Mariquita Jenny Moberly , née Phillips, (2 November 1855 – 1 November 1937) was an English artist, working in oil paints and watercolours.

==Biography==
Moberly was born on 2 November 1855 to John Phillips and Jane Atkins Phillips at Deptford in London. Her name, mariquita, (literally, "Little Mary") means ladybird in Spanish.

Moberly studied in Germany and under Carolus-Duran in Paris.
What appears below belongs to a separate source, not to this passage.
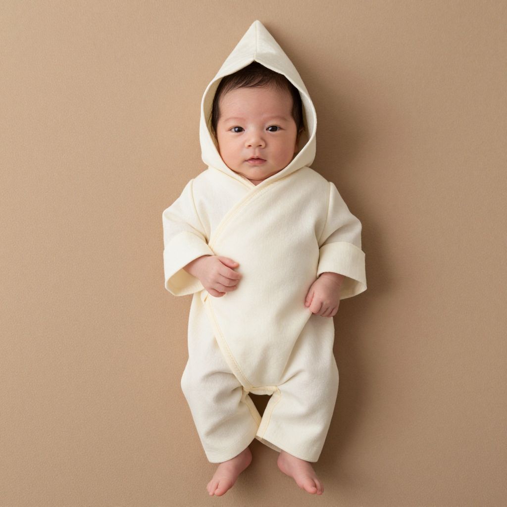 Photograph of a baby with fair skin and dark hair, wearing a cream-colored hooded onesie against a plain beige background. The onesie is loose-fitting, with a pointed hood and long sleeves. The baby stands barefoot, with one hand gently touching the front of the onesie and the other resting at their side. The baby's expression is neutral, and they gaze directly at the camera. The lighting is soft, highlighting the smooth texture of the onesie and the baby's delicate features. The overall composition is simple and centered, focusing on the baby.
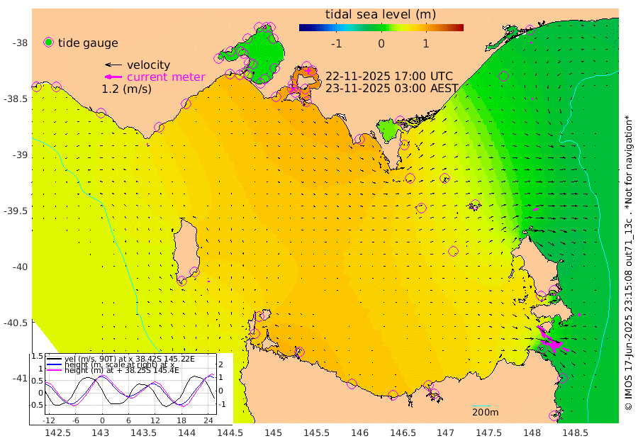 66cm/s 110T +9cm/s rms + 16cm/s 128T. CWTb1 63m 69cm/s 103T +8cm/s rms + 14cm/s 130T. C1A1 56m 116cm/s 104T +8cm/s rms + 12cm/s 12T. C1A3 27m 65cm/s 127T +0cm/s rms + 0cm/s 0T. CW1 32m 106cm/s 129T +11cm/s rms + 9cm/s 121T. CW2A1 44m 68cm/s 144T +7cm/s rms + 12cm/s 156T. CW2A2 44m 84cm/s 152T +7cm/s rms + 4cm/s 115T. CW3 33m 116cm/s 110T +9cm/s rms + 6cm/s 84T. CW4A1 30m 52cm/s 116T +5cm/s rms + 7cm/s 87T. CW4A2 36m 14cm/s 137T +9cm/s rms + 16cm/s 35T. CW6A1 37m 16cm/s 46T +6cm/s rms + 4cm/s 94T. CW6A2 31m 35cm/s 70T +4cm/s rms + 6cm/s 137T. BASS-CS91 47m 10cm/s -168T +11cm/s rms + 3cm/s -58T. BASS-CS91 70m 14cm/s -119T +10cm/s rms + 1cm/s 137T. BASS-CS91 47m 10cm/s -7T +10cm/s rms + 3cm/s 42T. BASS-CS91 53m 6cm/s -80T +8cm/s rms + 2cm/s 81T. BASS-CS91 64m 10cm/s 71T +6cm/s rms + 5cm/s 151T. BASS-UN91 115m 7cm/s 9T +4cm/s rms + 3cm/s 111T. Tas91 UNSW Mooring #1 65m 95m -11cm Lakes Entrance (Outer) 0cm Barracouta Platform 49cm Hogan Island 68cm Port Welshpool Pier 69cm Rabbit Island 66cm East Moncoeur Island 62cm Curtis Island 90cm Waratah Bay 111cm San Remo 103cm Elizabeth Island 119cm Bouchier Channel 112cm Tooradin 106cm Cowes Jetty 107cm Western Port (Stony Point) 114cm Western Port (Sandy Point) 88cm Flinders Jetty 10cm Mornington 12cm Sandringham 10cm Rosebud Jetty 12cm Hovell Pile 27cm South Channel 53cm Point Lonsdale 32cm Queenscliff 13cm West Channel Pile 66cm Barwon Heads 13cm St Leonards 15cm Point Richards (Corio Bay) 14cm Point Richards Channel 14cm Geelong 11cm Werribee 14cm Altona 14cm Wilson Spit 13cm Melbourne (Williamstown) 14cm St Kilda 74cm Lorne 66cm Apollo Bay 35cm Garden Cove 58cm Bass Pyramid 56cm Seal Bay 64cm King Island (Grassy) 83cm Stack Island 72cm Three Hummock Island 86cm Stanley 78cm Burnie 76cm Devonport 74cm Low Head 88cm Bell Bay 56cm Big River Cove 21cm Lady Barron Harbour -15cm Swan Island -30cm Eddystone Point -12cm St Helens 49cm Port Campbell 50cm Warrnambool 48cm Port Fairy

She painted portraits, figure studies, animals and landscapes in oils, watercolours and pastels. Moberly was a member of the New Society of Artists and exhibited at the Royal Academy in London, with the New Watercolour Society and at both the Royal Hibernian Academy and the Royal West of England Academy in Bristol. She lived in Epsom, and later Mitcham.

In March 2013, a number of her watercolour paintings, in private possession, of a variety of subjects, were shown in the BBC television programme Antiques Roadshow. These included a 1918 self-portrait and a picture of a dog that reputedly belonged to Ernest Shackleton, along with photographs of her paintings of dogs known to be his.

Her works are in a number of public collections, including The Secret Path in the Russell-Cotes Art Gallery & Museum.

She died in Mitcham, Surrey, on 1 November 1937, one day before her 82nd birthday.